Стихи Кедрина, особенно эти, были более знамениты, чем он сам. Его фамилия нечасто появлялась в газетах. В 32-м году на встрече писателей и руководителей партии, где присутствовал и Сталин, Владимир Луговской прочел по просьбе Горького стихотворение «Кукла» не приглашенного туда Кедрина, однако никаких тридцати верблюдов с дарами на горбах не появилось под окнами почти незамечаемого поэта. При жизни у него вышла только одна книжка «Свидетели» в 1940 году. Но не поверю, что поэт, написавший сразу после самых страшных лет сталинского террора «Все звери спят, Все птицы спят, Одни дьяки Людей казнят», мог быть незамечаем недреманным оком Лубянки.

В 45-м году Кедрина, вернувшегося живым и невредимым с войны, кто-то на ходу вытолкнул из тамбура подмосковной электрички. Вряд ли это были воры или просто шпана: что они могли взять с пустокарманного очкарика, у которого даже дужки очков были перетянуты суровой ниткой? А вот «Песню про Алену-Старицу» и «Зодчих» он повсюду неостановимо декламировал с мандельштамовской неосторожностью.

Да и поэтический портрет издыхающего Аттилы в поэме «Свадьба» Кедрин написал пророческой кистью, казалось, обмакиваемой в блевотину пирующих, сперму варварских соитий и кровь поверженных врагов, воссоздав еще не случившуюся, но ожидаемую смерть другого тирана, который «играет услугами полулюдей». Предвидение Кедрина было столь скрупулезно точным, что переходило в ясновидение: «Он умирал. Икая и хрипя, Он скреб ковер и поводил ногами, Как бы отталкивая смерть. Зрачки Остекленевшие свои уставя На ком-то зримом одному ему…» Я именно так и снял по этим строкам, как по сценарию, эпизод фильма «Похороны Сталина». А сейчас, перечитывая с давних пор любимую «Песню об Алене-Старице», я чуть не ахнул, когда наткнулся в ней на влюбленно стянутую мной у Кедрина строчку: «Горят огни-пожарища, Дымы кругом постелены. Мои друзья-товарищи Порубаны, постреляны…» Вот и чистосердечная «повинная» за кедринское эхо в «Братской ГЭС»: «Вокруг ребята ранние / порубаны, постреляны… / А ты всё ищешь раненых, / учительница Элькина?» А в моем первом фильме «Детский сад» есть поразительная схожесть по настроению со стихотворением Кедрина

«16 октября», хотя это – видит Бог! – просто-напросто совпадение наших воскрешенных впечатлений от эвакуации.

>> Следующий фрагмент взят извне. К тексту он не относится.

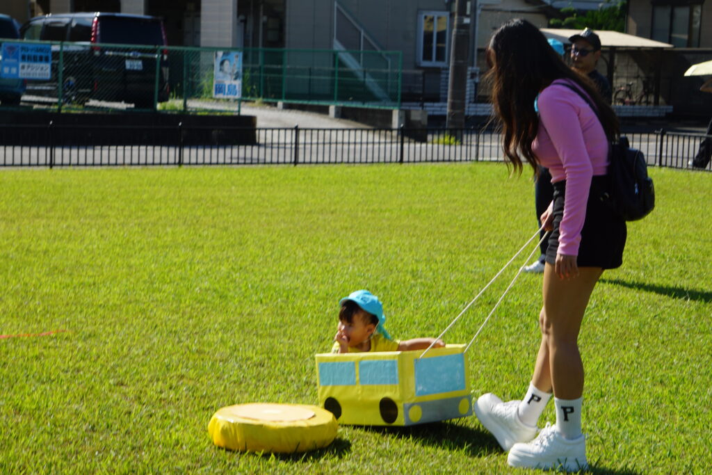 “しろくまちゃんのパンケーキ”ではバスの中に入って保護者の方に引っ張ってもらって出発!

Всё поколение шестидесятников воссоздавало прошлое по стихотворным фрескам Кедрина: без его «Зодчих» не могло быть ни «Мастеров» Андрея Вознесенского, ни «Андрея Рублева» Андрея Тарковского. Кедрин признавался, что он предпочитает точности внешней точность внутреннюю. Он верил в силу поэтической метафоры больше, чем в силу голого факта, и позволил себе крупные вольности в истории создания храма Василия Блаженного, объединив Андрея Рублева и Ивана Грозного в одном времени, хотя между ними был целый век. Легенда о выколотых глазах строителей наверняка зиждилась на реальных случаях, хотя о строителях храма на Красной площади ничего подобного нельзя сказать с достоверностью. Но Кедрину нужна была эта концентрированная метафора во времена сознательного политического ослепления целого народа. Вот почему трудно поверить в невиновность того молчаливого дома на площади, где теперь стоит памятник жертвам сталинского террора.

Дочь Кедрина, Светлана Дмитриевна, выпустившая книгу об отце «Жить вопреки всему», прямо говорит, что его после фронта несколько раз вызывали в этот дом, добиваясь сотрудничества, то есть хотели превратить поэта в сексота, а когда он отказался, могли и отомстить.

История может быть бегством от действительности, но может быть и взглядом сквозь прошлое – в настоящее. Борис Пастернак писал: «Однажды Гегель ненароком И, вероятно, наугад Назвал историка пророком, Предсказывающим назад». Таким пророком стал Кедрин.

Вцелуйтесь в эти сочные, как румяные щеки, яблоки, припадите губами к пахнущим сбитнем девичьим губам, отдайтесь всем слухом колокольчикам, пляшущим под расписными дугами, и, как крутящаяся сумасшедшая воронка, вас втянет внутрь себя эпоха строительства храма Василия Блаженного: «А над всем этим срамом Та церковь была – Как невеста! И с рогожкой своей, С бирюзовым колечком во рту, – Непотребная девка Стояла у Лобного места И, дивясь, Как на сказку, Глядела на ту красоту…» Какой хваткий взгляд через толщу лет! История обрастает плотью, дышит, стонет, корчится, смеется, плачет.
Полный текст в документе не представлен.